Coca-Cola to invest $600m in Nigeria to boost sales and extend its product range
Lagos — Coca-Cola’s Nigerian operation will invest $600m by 2020 to boost sales, in line with a global strategy to extend the product range beyond its soft drinks.
The unit of the Atlanta-based beverage maker plans to expand its offering of drinks to include flavoured and condensed milk, iced tea and bottled water to meet demand in Africa’s most populous country, Peter Njonjo, the president of the West Africa operation, said in an interview in Lagos. "Our objective is to provide whatever beverages you need across your life stages."
The money is part of a pledge by Coca-Cola to invest $17bn in Africa by 2020. Global CEO James Quincey has said the company needs to grow beyond its biggest brand and has called for the company to become a "total beverage company", being less reliant on carbonated soft drinks.
Last year, Coca-Cola bought a 40% stake in Nigerian juice and dairy company Chi Ltd for $240m and said at the time it intended to take total control within three years.
Coca-Cola has felt the pinch of an economic slump in Nigeria caused by a decline in output and prices of oil, the nation’s main foreign-exchange earner, and dollar shortages. The economy expanded 0.6% in the three months through June, ending five straight quarters of contractions that saw GDP shrink 1.6% in 2016, the first time since 1991.
High inflation increased production costs, while the price of imported goods rose due to the dollar scarcity, just as consumers had less money to spend, Njonjo said. The company, which has 3,600 direct employees, 11 bottling plants and 30 distribution depots across Nigeria, isn’t listed in the West African nation and Njonjo declined to share details on production capacity or earnings.
After peaking at 18.7% in January, the inflation rate fell to 16% in August, while food prices have continued to surge. This is "a big issue" for Coca-Cola, present in Nigeria since 1951, Njonjo said. "As disposable incomes start coming under pressure, expenditure in products like ours start becoming inaccessible to most consumers."

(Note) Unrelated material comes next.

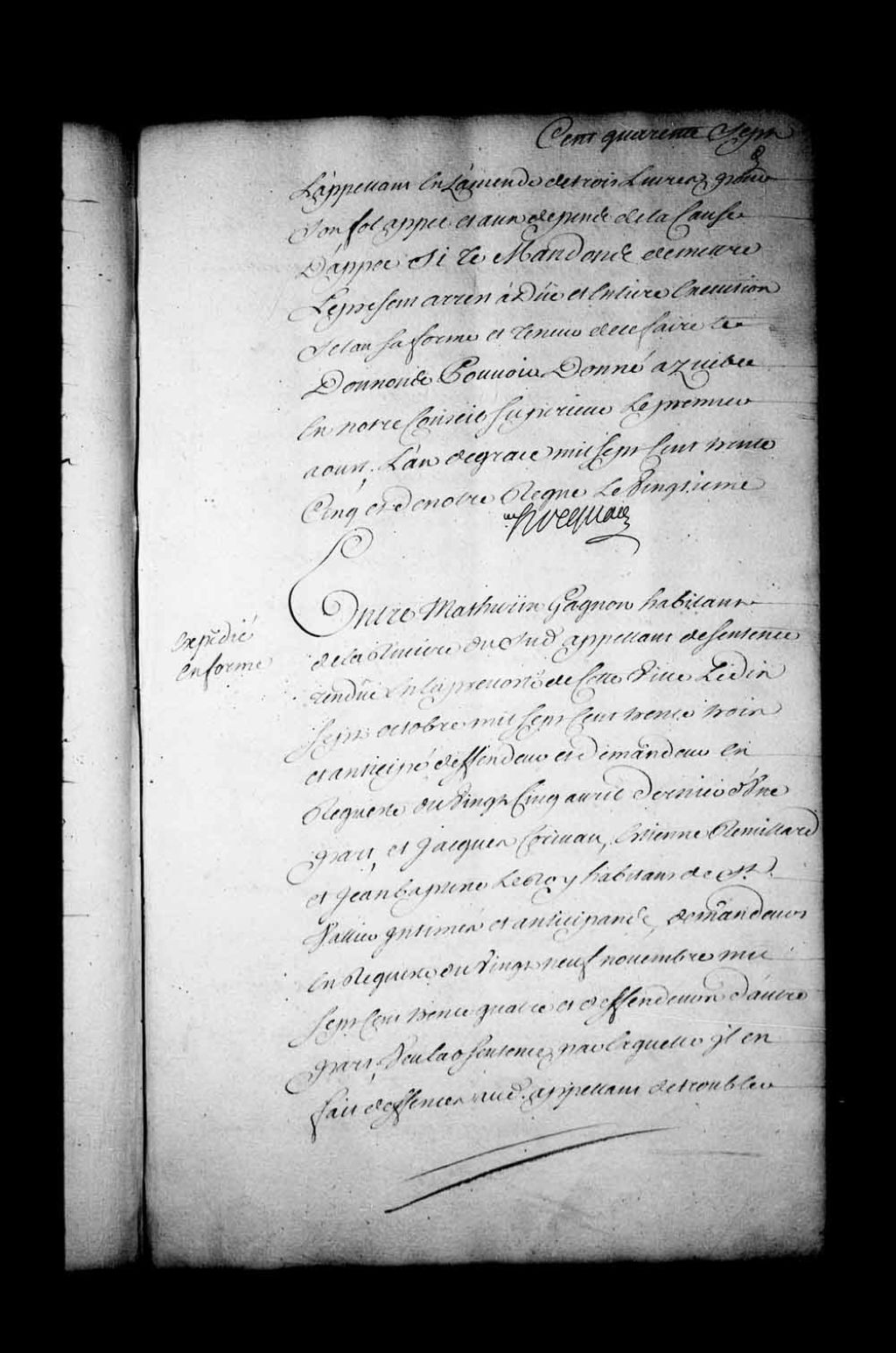 - Appel mis à néant dans la cause entre Mathurin Gagnon, habitant de la Rivière-du-Sud (appelant de la sentence rendue en la Prévôté de Québec du 17 octobre 1733), et Jacques Corriveau, Étienne Rémillard et Jean-Baptiste Leroy, habitants de Saint-Vallier; parties mises hors de cour et cependant a condamné solidairement Jacques Corriveau et Étienne Rémillard en vingt livres d'amende applicables à la paroisse de la dite seigneurie pour la voie de fait par eux commise, de laquelle amende le marguillier en charge sera tenu de se charger, etc., etc

In response to the challenges in Nigeria, Coca-Cola increased prices, introduced new product sizes and sought more inputs locally. To reduce its foreign-exchange exposure, the company plans to raise to 75% the share of raw materials produced in Nigeria by 2020, from its present 70%, Njonjo said. "The only way you can ensure the business is sustainable is by taking prices up. Some of it we have passed on to the consumers."
The company has also increased investment in distribution and innovation, Njonjo said. "It is all about looking at how much money consumers have and how ‘I become relevant’ to consumers."